> _Exercise details_
Nothing but the lines from the one containing "Captura de video" through the end of the data below should appear in the answer, each exact and free of pictures.

##### Extracted material

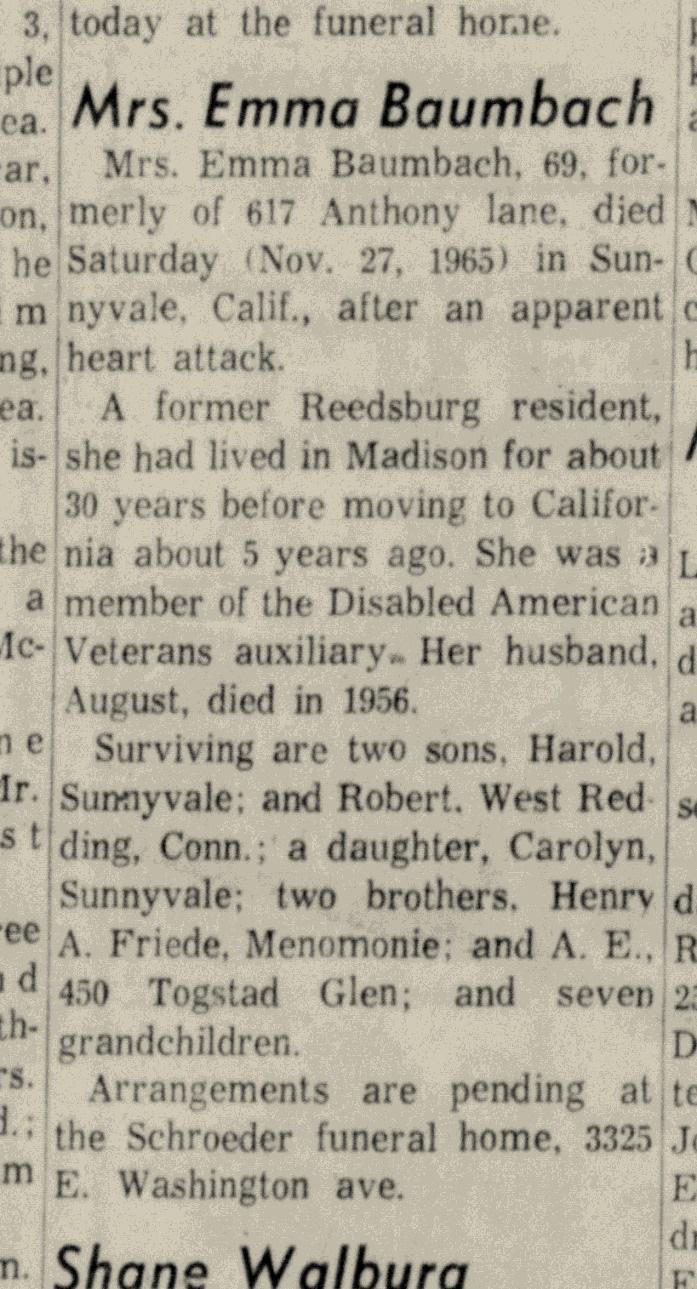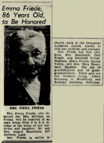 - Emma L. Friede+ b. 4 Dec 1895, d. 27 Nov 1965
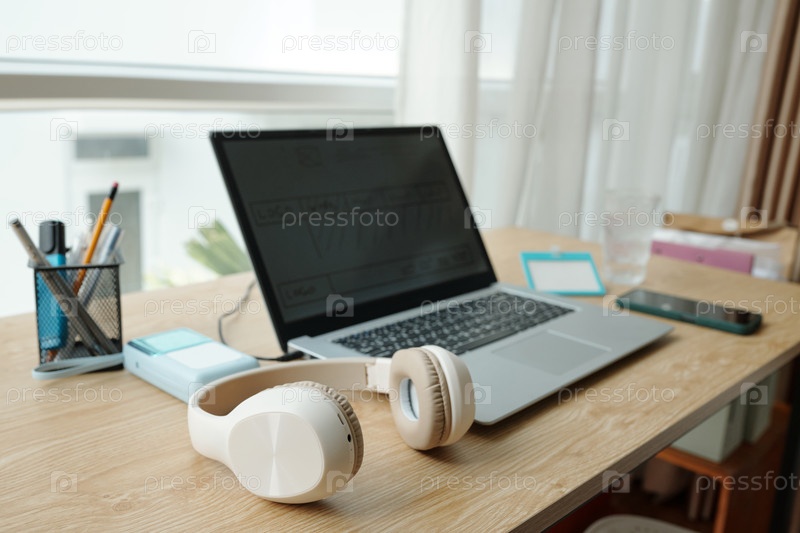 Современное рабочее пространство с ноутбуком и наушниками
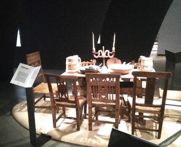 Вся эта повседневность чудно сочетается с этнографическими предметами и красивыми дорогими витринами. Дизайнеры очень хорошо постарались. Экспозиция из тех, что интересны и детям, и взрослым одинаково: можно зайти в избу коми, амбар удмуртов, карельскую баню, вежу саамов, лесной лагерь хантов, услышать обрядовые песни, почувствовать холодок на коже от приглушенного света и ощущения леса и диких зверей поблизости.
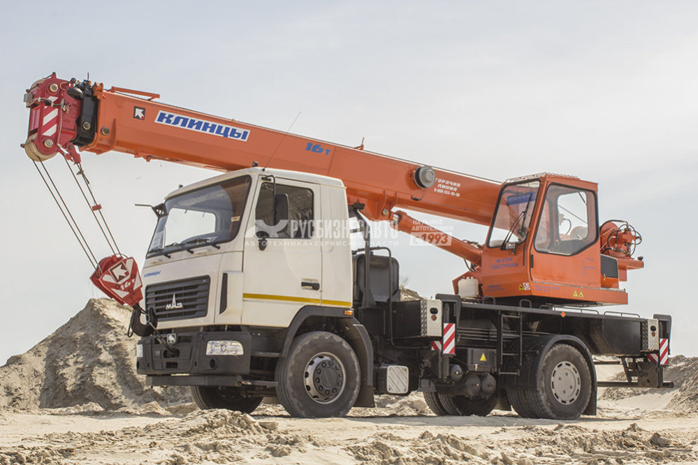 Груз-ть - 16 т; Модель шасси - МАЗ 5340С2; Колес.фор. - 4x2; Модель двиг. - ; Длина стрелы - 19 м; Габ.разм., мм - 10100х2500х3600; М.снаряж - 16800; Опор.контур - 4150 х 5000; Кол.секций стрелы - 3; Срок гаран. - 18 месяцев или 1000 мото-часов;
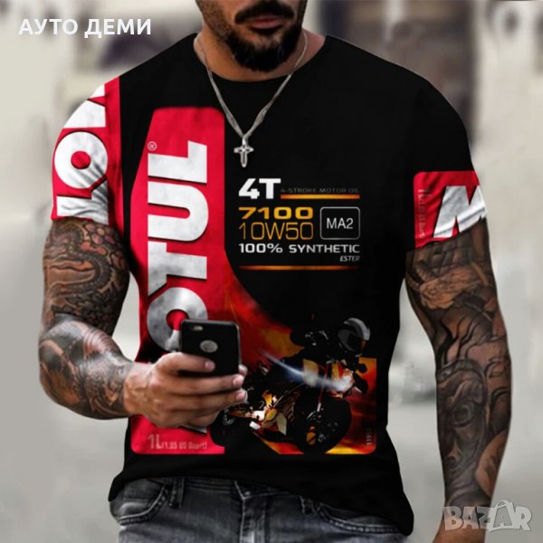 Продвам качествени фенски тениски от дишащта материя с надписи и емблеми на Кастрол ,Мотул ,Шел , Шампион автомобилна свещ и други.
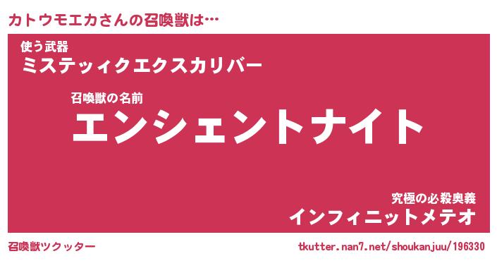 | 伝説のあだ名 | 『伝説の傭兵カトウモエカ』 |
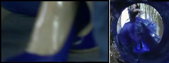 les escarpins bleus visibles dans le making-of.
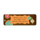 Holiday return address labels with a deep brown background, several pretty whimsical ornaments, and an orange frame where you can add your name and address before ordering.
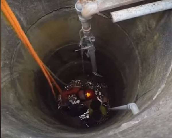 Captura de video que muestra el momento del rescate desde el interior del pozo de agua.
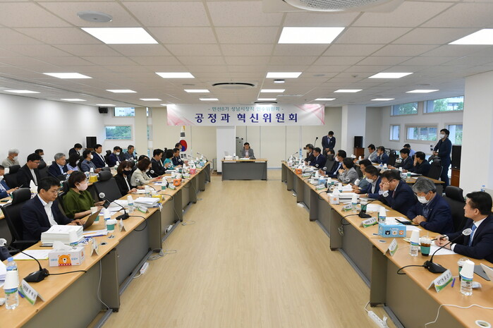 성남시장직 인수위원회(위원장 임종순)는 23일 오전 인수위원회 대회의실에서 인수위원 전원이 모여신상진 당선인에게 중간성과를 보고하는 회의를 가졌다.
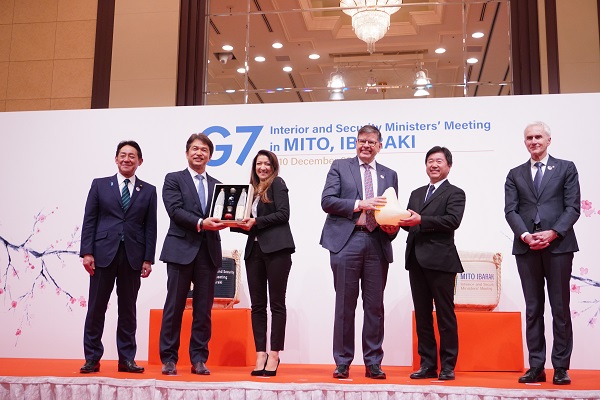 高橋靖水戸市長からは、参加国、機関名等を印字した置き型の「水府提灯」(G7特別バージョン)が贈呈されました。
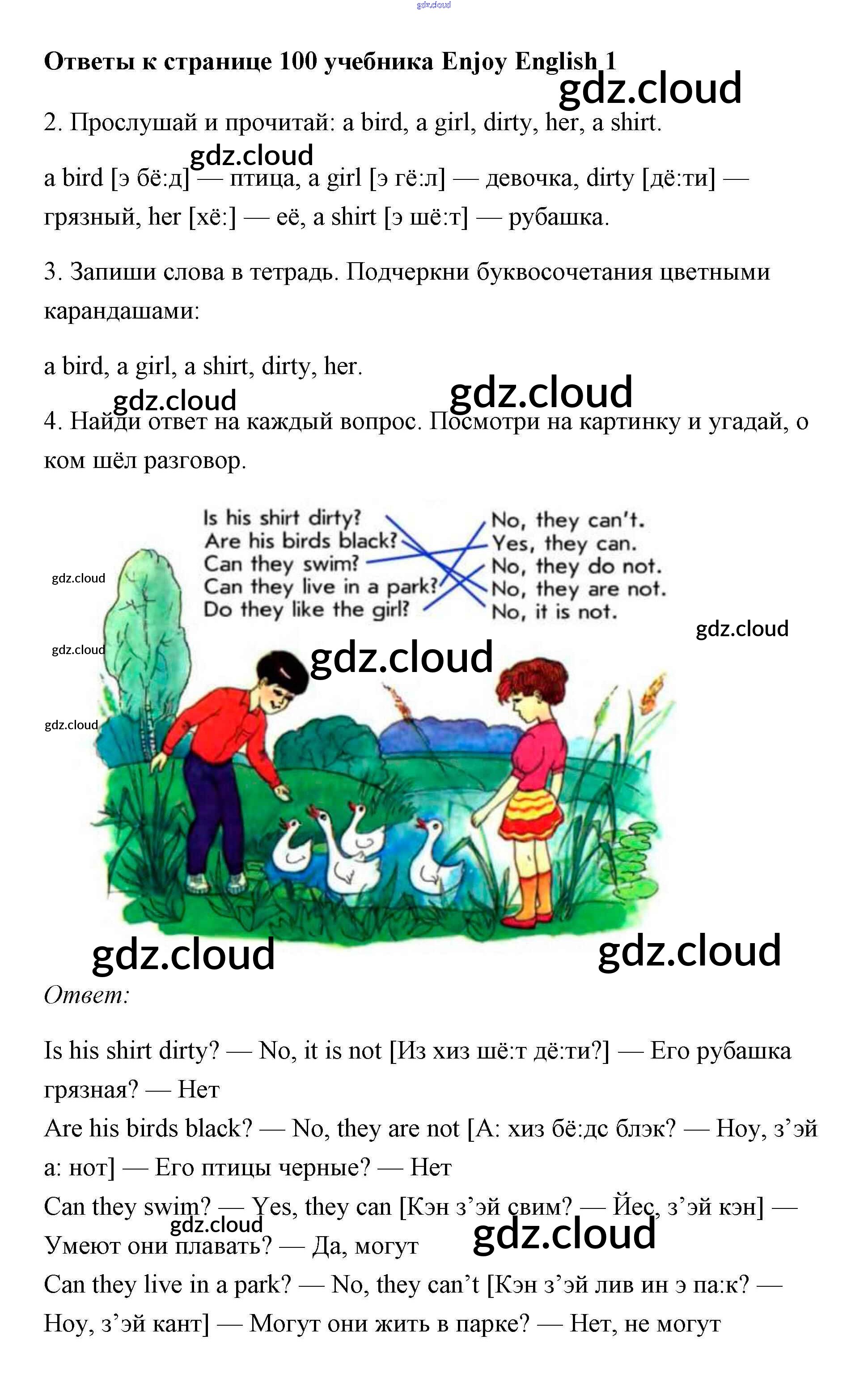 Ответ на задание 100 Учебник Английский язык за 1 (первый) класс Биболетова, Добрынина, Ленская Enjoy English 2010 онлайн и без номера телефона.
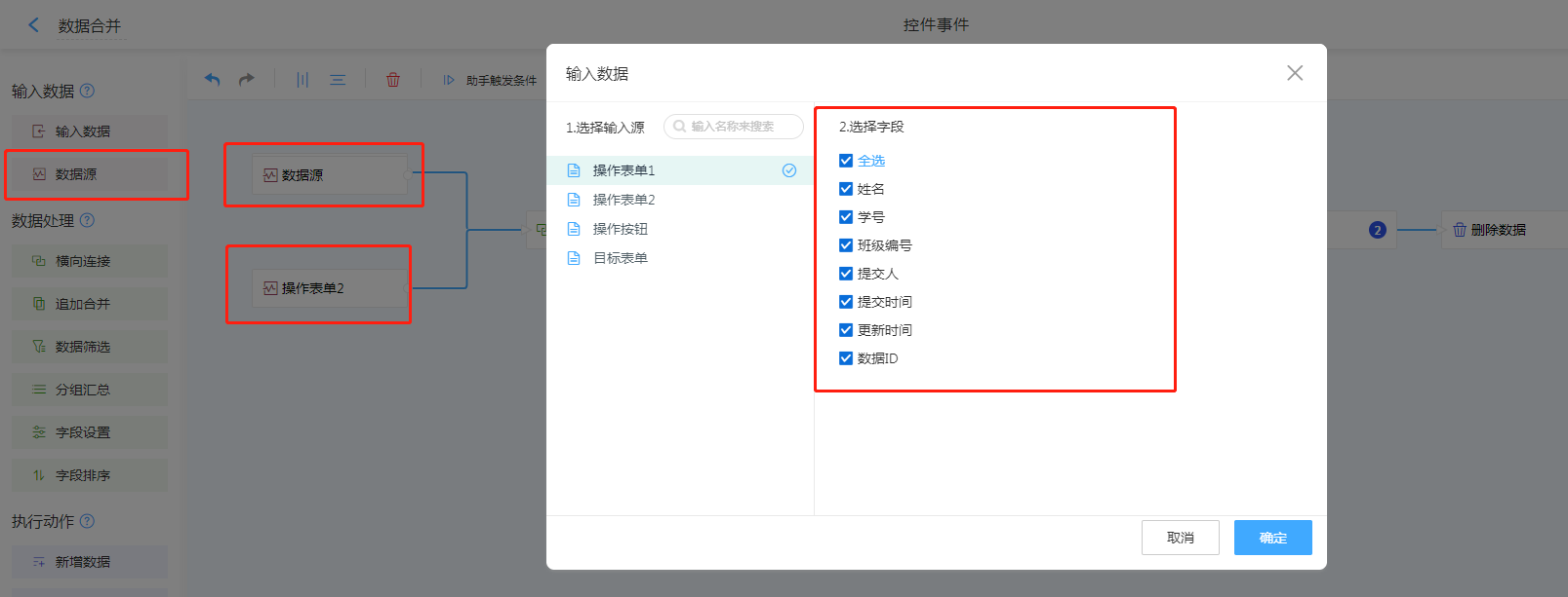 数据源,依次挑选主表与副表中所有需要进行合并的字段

##########

> _Solution below_
 Captura de video que muestra el momento del rescate desde el interior del pozo de agua.
 성남시장직 인수위원회(위원장 임종순)는 23일 오전 인수위원회 대회의실에서 인수위원 전원이 모여신상진 당선인에게 중간성과를 보고하는 회의를 가졌다.
 高橋靖水戸市長からは、参加国、機関名等を印字した置き型の「水府提灯」(G7特別バージョン)が贈呈されました。
 Ответ на задание 100 Учебник Английский язык за 1 (первый) класс Биболетова, Добрынина, Ленская Enjoy English 2010 онлайн и без номера телефона.
 数据源,依次挑选主表与副表中所有需要进行合并的字段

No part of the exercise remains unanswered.